Пятница наступила ясная, холодная, с прозрачным небом после дождей. Ника с утра была необыкновенно лёгкой. Напевала старую песню, улыбалась сама себе, открывала шкафы, доставала посуду, планировала «наш вечер». Она съездила на рынок, привезла мясо, овощи, зелень, рыбу, лимоны. Дома стала готовить ужин так старательно, будто хотела устроить праздник. Стейк, картофель, салат с мягким сыром, лимонный пирог.

Я помогал ей резать овощи. Она шутила, я смеялся. Она касалась моей руки, я не отдёргивал. Барон лежал в углу и не ел. Только следил за нами. Иногда тихо скулил, и я подходил к нему, гладил между ушами.

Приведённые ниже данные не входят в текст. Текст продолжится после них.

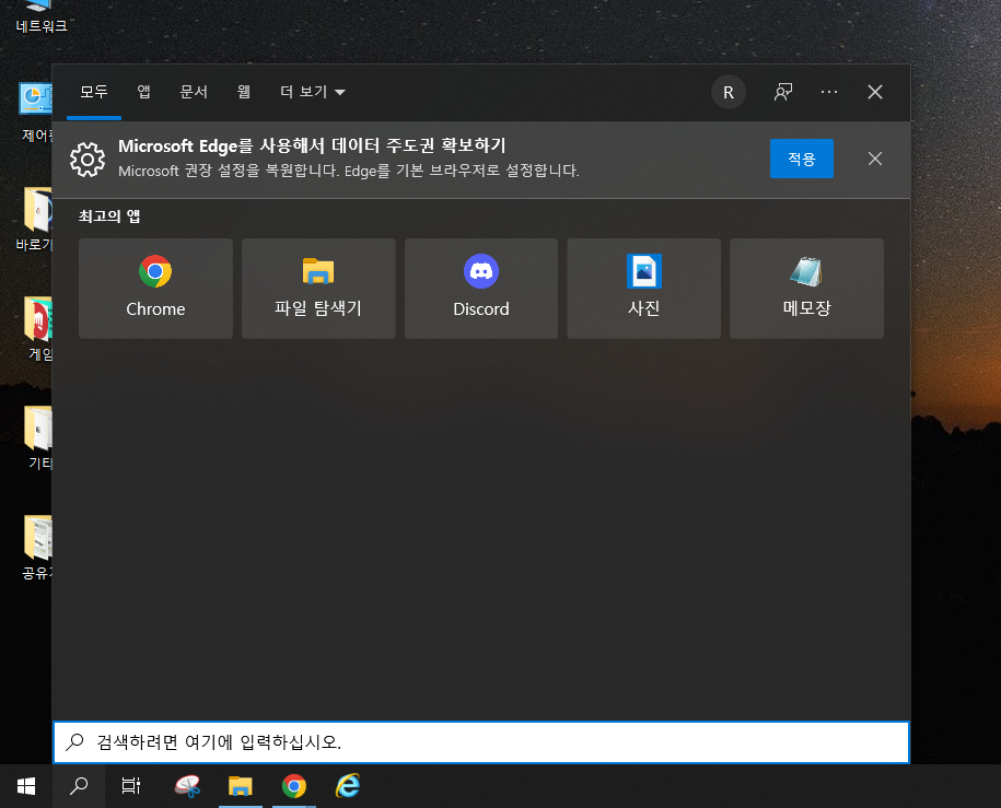 윈도우 키 + S키를 눌러 검색창을 띄워주시고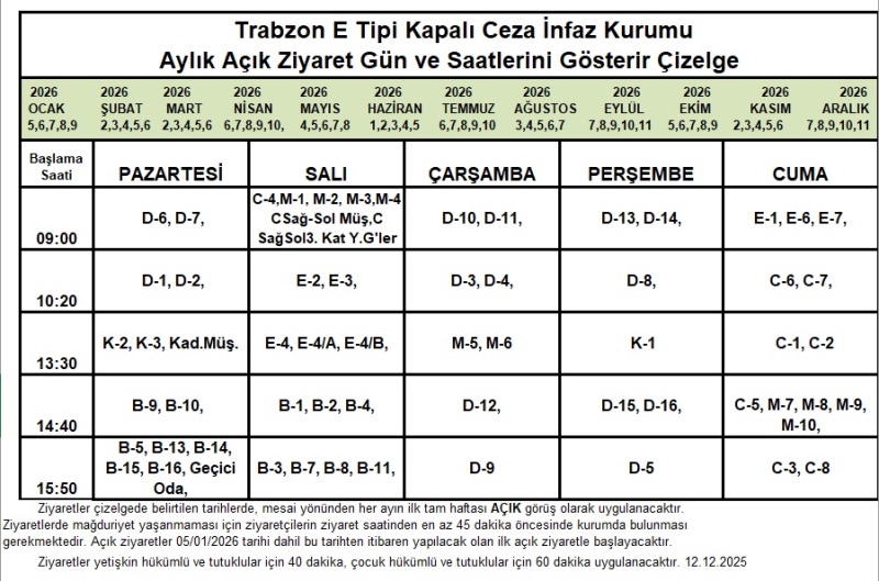 Not: Ziyaretçilerin görüş saatinden 45 dakika önce kayıt için kurum ziyaretçi kabul bürosunda bulunmaları önemle rica olunur.Ziyaret saati dışında ziyaretçi kabul edilmeyecektir.

Самым трудным оказалось не молчать, а делать обычные движения. Подать нож. Передвинуть доску. Попробовать соус с кончика ложки и сказать, что соли достаточно. Несколько раз она оборачивалась ко мне слишком быстро, будто проверяла, не сорвалась ли с моего лица маска, и я заставлял себя улыбаться раньше, чем она успевала заметить пустоту в глазах. Внутри всё время звучала одна и та же мысль: вот сейчас я стою рядом с человеком, который через несколько часов должен будет оплакивать мой труп.

Около трёх к воротам подъехал курьер. Ника вышла и вернулась с длинной коробкой. Внутри были чёрные розы — тридцать одна. Она сказала, что это от Оли, благодарность за деньги и помощь. Я поблагодарил, поставил цветы в столовой и подумал, что они похожи не на подарок, а на венок, который прислали заранее.

К вечеру дом был готов. Свечи, музыка, накрытый стол, бокалы, цветы, ведёрко со льдом. Ника поднялась переодеться и спустилась через двадцать минут в платье цвета тёмного вина, на каблуках, с распущенными волосами. Она была прекрасна. Самая красивая женщина, которую я когда-либо любил. И самая чужая.

На столе уже стояла безопасная бутылка виски, подменённая Войтенко. Люди майора сидели в неприметной машине неподалёку. Они слышали каждое слово. В потолочной люстре была спрятана камера. В моём кармане лежал передатчик, крошечный и тяжёлый, как камень.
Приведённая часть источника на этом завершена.